Bel Air bids farewell to town administrator Chris Schlehr

After 21 years of service growing and overseeing the viability of the town, Chris Schlehr is set to throw in his hat as administrator for Bel Air.

Current and former town commissioners, elected officials, close friends and colleagues gathered during a town hall meeting Monday evening to bid Schlehr farewell.

Town Mayor Robert J. Reier said while Schlehr would prefer to gather his belongings and quietly move on to his next phase in life, the town commissioners saw it fit to acknowledge him with a proclamation from the town.

"Thank you for your time, patience and assistance during my time in government, especially when I was a greenhorn," Reier said. "He showed me that government is where the rubber meets the road."

In 1992, after a lengthy 20-year career as a commander of the civil engineer corps with the U.S. Navy, Schlehr set his sights on his hometown. He started with the town as director of public works and in 2000 became the town administrator.

Harford County District Court Judge David Carey, who served as town commissioner and mayor for 16 years until last month, said Schlehr leaves quite a legacy with the town of Bel Air.

"He is universally held in high esteem by the employees and by the citizens," Carey said in an interview. "It's obvious that the only thing that matters to Chris is what is best for the town."

Carey said Schlehr's background in engineering, construction and maintenance made him an asset to the town.

A Bel Air High School graduate, Schlehr received a bachelor of science in mechanical engineering from the U.S. Naval Academy and continued on to receive a master's from Penn State University.

Schlehr was also adept in dealing with the diverse background of Bel Air employees and personnel issues, Carey said.

"We have a diverse staff," Carey said. "One-third are police, there are well-educated employees and some who are laborers. Chris seemed to have a gift at knowing how to treat everybody."

Town Commissioner Robert M. Preston called Schlehr "a proponent for Bel Air." He said it was nice to have a town administrator who really knows and understands the town and the people in it.

"He's done an excellent job of being kind of conservative and has helped Bel Air to keep our taxes low in this financial crisis," Preston said during a recent interview.

Preston said Schlehr has had a hand in most of the great accomplishments of the town, including First Fridays and the Bel Air Armory.

"The future of Bel Air looks very promising because of [Schlehr's] conservative stance," Preston said.

Commissioner Susan U. Burdette said that before announcing her candidacy, she asked Schlehr for a meeting to discuss her questions and concerns about the town.

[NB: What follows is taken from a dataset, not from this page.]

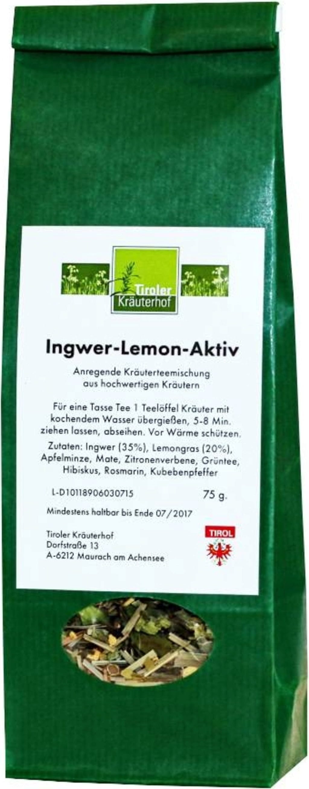 Tiroler Kräuterhof Ingefær Sitron Aktiv Te, 75 g

"He gives everyone the same respect, encouragement and mentoring, as he does with the commissioners," Burdette said.

Patrick Richards, the newly elected town commissioner, joked that he will not take it personally that Schlehr announced his departure so close to his arrival on the board. Richards said Schlehr manifests direction and leadership throughout every council and committee he works alongside.

Mary F. Chance, director of administration for Harford County, presented Schlehr with a proclamation from the county. She recalled Schlehr asking the group of administrators to always pray before meals during their meetings.

State Del. Susan K. McComas, who represents Bel Air and Abingdon, was one of the former town commissioners who elected Schlehr for the position of town administrator two decades ago.

"It was our sad duty to elect a new town administrator in 1999 when Bill McFaul passed away, but it was a good decision," McComas said. "We went from the army to the Naval Academy with Chris and the town has been in really good hands for a long time."

McComas presented Schlehr with a proclamation from the Maryland House of Delegates thanking him for his service to the town.

Before presenting him with a proclamation from the county council, Harford County Councilman Jim McMahan cracked Army versus Navy jokes with Schlehr, opening his shirt to reveal a black U.S. Army shirt.

Following the town hall meeting, the group headed to the town conference room for a small farewell party. The gatherers enjoyed food and beverages while Schlehr was presented with two gifts from the town's departments.

Randy Robertson, director of planning, presented Schlehr with a plaque featuring a yellow bulldozer and tractor. Director of Administration Michael K. Krantz unveiled an engraved ship's wheel to Schlehr in honor of his years in the U.S. Navy.

Schlehr's official last day with the town will be Dec. 31.This week, the town is interviewing potential new town administrators.

Carey, a former town commissioner, said a good town administrator needs a variety of skills, including human resources, construction and finance. He said it takes "someone with a unique background to do the job."

Preston said he is optimistic the town will be able to find a worthy replacement for the position of town administrator.

"I think everyone knows we are going to have a hard time finding a replacement, but I am sure we are going to find one," Preston said.